Extract the opening line of the entries and every line after it, stopping at and including the line that contains "2024年9月24日(火)、". Do not include pictures.
### SUPPLIED ENTRIES
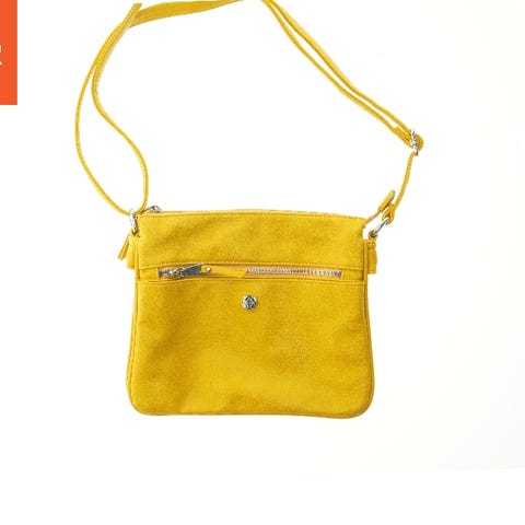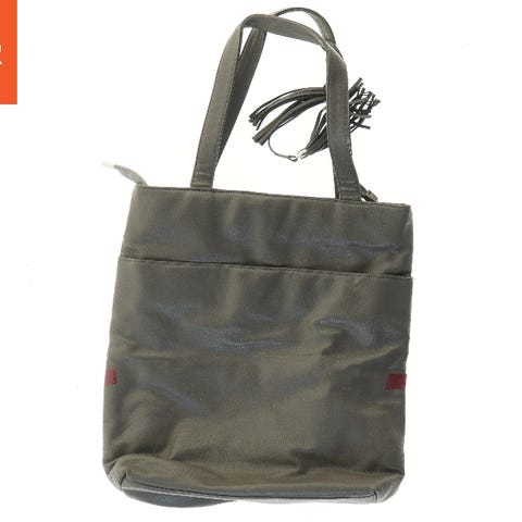 Tasken måler 22x24 cm, har guldfarvede detaljer.
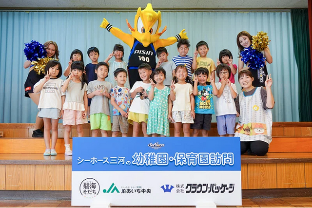 2024年9月24日(火)、シーホースくんとSuper GirlsのMISA、CHISAKIが福地南部保育園(西尾市)を訪問し、園児の皆さんと一緒にクイズやダンスを楽しみました。
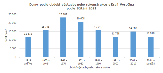 V Kraji Vysočina bylo podle Sčítání 2021 celkem 146 174 domů, což znamená 6,9 % nárůst počtu domů v kraji oproti předchozímu sčítání. Od Sčítání 1991 roste počet domů mezi jednotlivými sčítáními podobným tempem (6 – 8 %). Z hlediska vlastnictví v kraji převládají domy ve vlastnictví fyzické osoby (91,4 %), což koresponduje s rozdrobenou sídelní strukturou kraje. Následují domy ve spoluvlastnictví vlastníků bytů (4,3 %), domy jiných právnických osob, domy vlastněné obcemi či státem (v obou případech kolem 1,5 %) a menší než 1 % zastoupení mají domy ve vlastnictví bytových družstev a domy s různými kombinacemi vlastníků. Podle období výstavby či rekonstrukce převažují v našem kraji domy z období po druhé světové válce a z výstavby v desetiletí 1971 – 1980. Po vzniku samostatné České republiky se do domovního fondu výrazněji promítla výstavba nebo rekonstrukce domů v desetiletí 2001 – 2010.
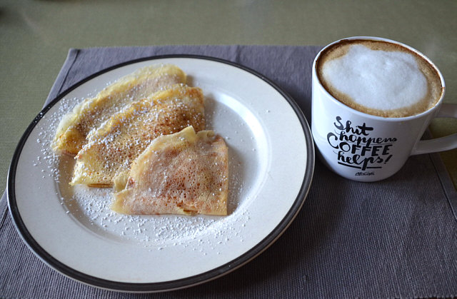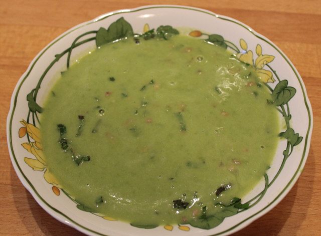 Heute gab es eine pürierte Suppe aus grünen Erbsen mit Krabben und
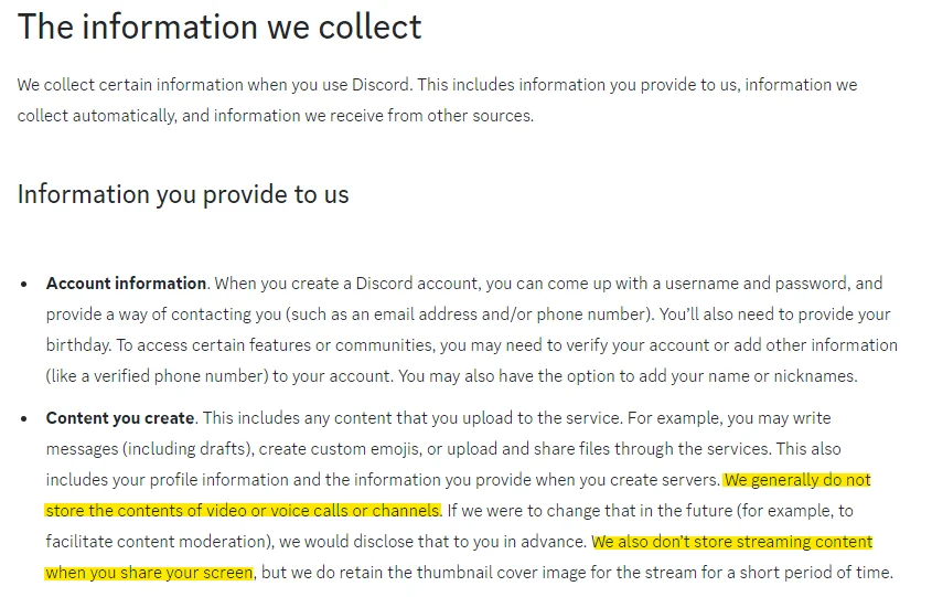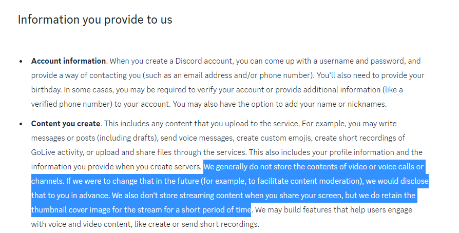 The user has already highlighted the required sentences, making our job easier. As showcased below, the ToS read, ‘We generally do not store the contents of video or voice calls or channels. Similarly, Discord (as per the old ToS) will not store/record anything (video or even voice) streamed over its screen-share feature.
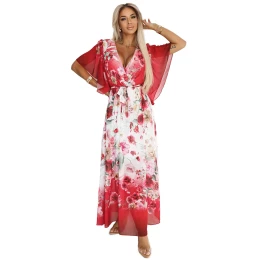 Dámské šaty 603-1 Numoco basic - červená barva - s květinový vzorem - z jemného šifónu na podšívce - zavinovací výstřih - krátké rukávy typu motýl - ozdobné zavazování vzadu na zádech - rozšířený střih - gumička v pase se přizpůsobuje postavě a zdůrazňuje pas
######
EXERCISE ANSWER
 Tasken måler 22x24 cm, har guldfarvede detaljer.
 2024年9月24日(火)、シーホースくんとSuper GirlsのMISA、CHISAKIが福地南部保育園(西尾市)を訪問し、園児の皆さんと一緒にクイズやダンスを楽しみました。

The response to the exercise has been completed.